Oh, I think I know quite a bit about these and other pistols. And of course I know that they don't melt, that's what the little smileies indicate. You know...ha ha joke?

They don't go bang every time, they don't take any kind of ammo offered, they are not all that accurate. To get to the point they are no more or less dependable that anyother quality pistol out there. They are what they are.

I've been an LE firearms instructor since 1988, Glocks may be the easiest pistol to transition to, may be easy to learn the fundamentals on. But, over the years, I've had Glock shooters on the range who have tried my Sig's and shot better scores with them that with their own Glocks. Not 1 or 2, but somewhere close to 2 dozen.

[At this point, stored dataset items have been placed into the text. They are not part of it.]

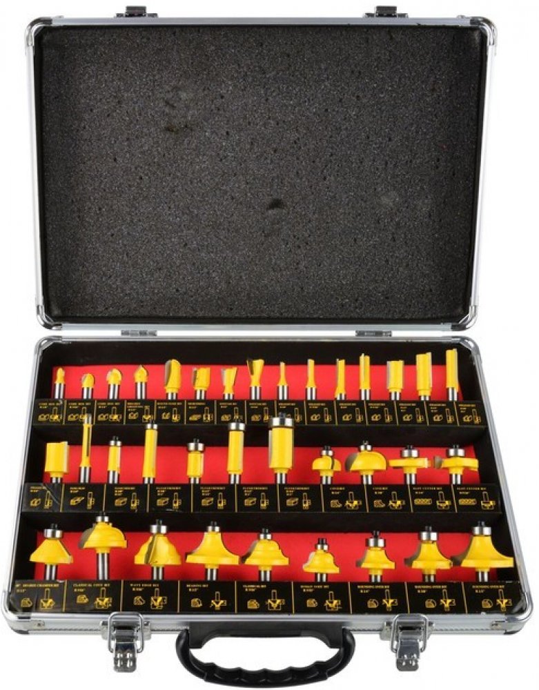 Frézy, nože na horní frézku 35 ks 8 mm35-dílná sada profilových fréz vyrobených z uhlíkové oceli pro horní frézy s upínací kleštinou 8 mm. Sada obsahuje 21 kusů ložiskových fréz a 14 bezložiskových. Sada je uložena v praktickém kovovém kufru.
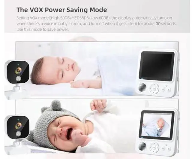 Setting VOx model(High 50DB/MED55DB/Low 60DB), the display automatically turns onwhen there's a voice in baby's room, and turn off when it gets silent for about 30seconds.Use this mode to save power.
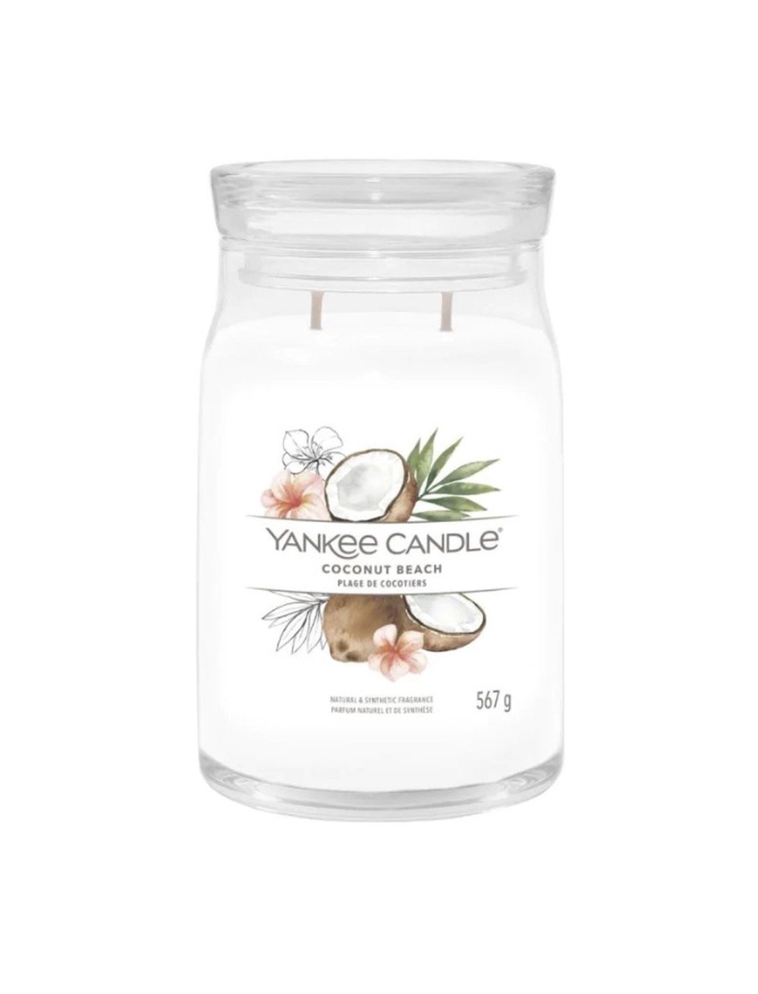 Yankee Candle Signature Coconut Beach - большая ароматическая свеча в стеклянной банке от легендарного бренда Yankee Candle с тёплым кремовым кокосовым ароматом и лёгкими тропическими нотами, объём 567 г, время горения 60-90 ч, идеальна для создания уютной летней атмосферы дома.
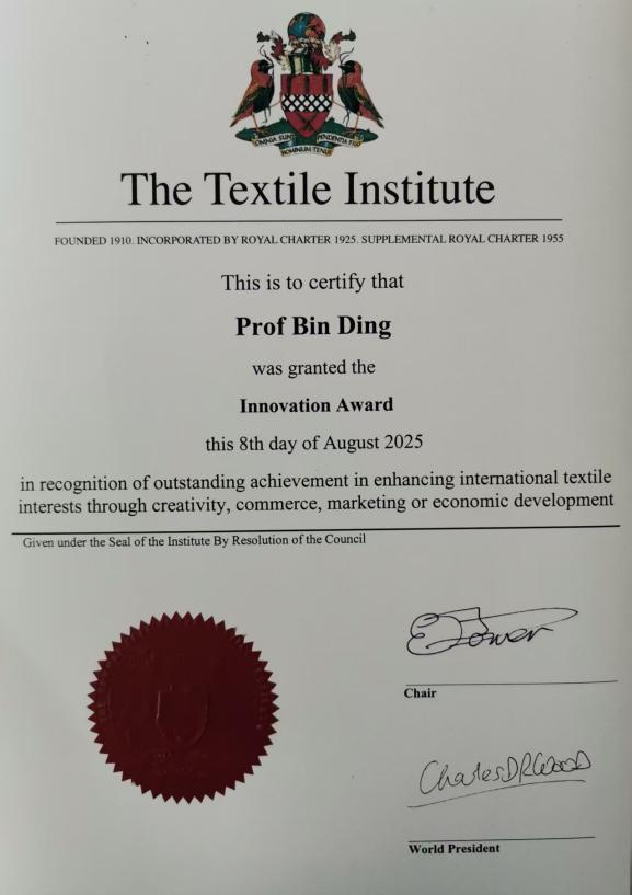 日前,英国纺织学会(The Textile Institute)颁布2025年创新奖(The Textile Institute Innovation Award)获奖名单,我校丁彬教授位列其中,成为该奖项自1990年设立以来首位获此荣誉的华人科学家,彰显中国科研力量在国际纺织创新领域的原创性成果与产业化影响力已获得世界级的认可。
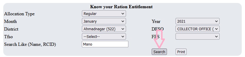 Step-3 : Select Allocation Type ,Month ,Year ,District ,DFSO ,Tfso ,FPS ,Search Like (Name, RCID)

And the reason lots of Law Enforcement agencies issue them, IS NOT because they are such a great pistol. It is due to pure economics, they get them cheap. Glock is agressive when it comes to large LE contracts. I know of a major department in the south that got a little over 1000 Glocks from the factory at $75 each. Not to difficult to figure out why they went with the Glocks. Sig, CZ, and S&W were also trying for this contract and could not match the price. So saying that LE issues them because they are such great pistols is crap, in most cases they issue them cause they get them cheap.

Check Departments who don't issue firearms, like mine. You'll find a few Glocks, but the majority are Sig's, Kimbers, H&K's etc.

huntin1


----------



## NDTerminator (Aug 20, 2003)

Sig is right on the money. In our world, the Glock is a helluva good average for the average street officer. Administrators love em' (I'm still having a tough time thinking of myself as an Administrator rather than a Patrol Supervisor), because they are so cost effective. They are so dirt simple that the Amorer's School is only a couple day affair!

HOWEVER... If a person is looking for consistent top accuracy, a production Glock is not a good choice. The Sig is much better, as is most any top quality 1911. The average S&W production wheelgun with adjustable sights will leave all but the best custom autos in the dust. My 629, when I still had open sights on it, would easily shoot better groups at 50 yards than my Glock could at 25. Now with a scope on it (I only use the 629 for hunting), it will put a cylinder full of hard cast 240 grainers into one ragged hole of less than 1" at 50 yards.

I've found the same as Sig; when I take a good Glock shooter and let him try my Kimber, his scores jump dramatically. Heck, so do mine. I love that Kimber 45!...

But then again, the GLock 22/23 was never meant to be anything but an utterly reliable, simple to operate close range defensive handgun. For that job, it excels...


----------



## sharpshooter_boss (Oct 26, 2005)

one of the top handgun magazines did a piece on compensated vs non compensated pistols for self defense and carry use awhile back..i cant remember exactly which one.. but i do remember that every one of of the testers voted for NO compensation, citing possible close-to-the-body shooting.. the pictures of t shirts with large holes burned into the sides was not a very appealing sight to me.


----------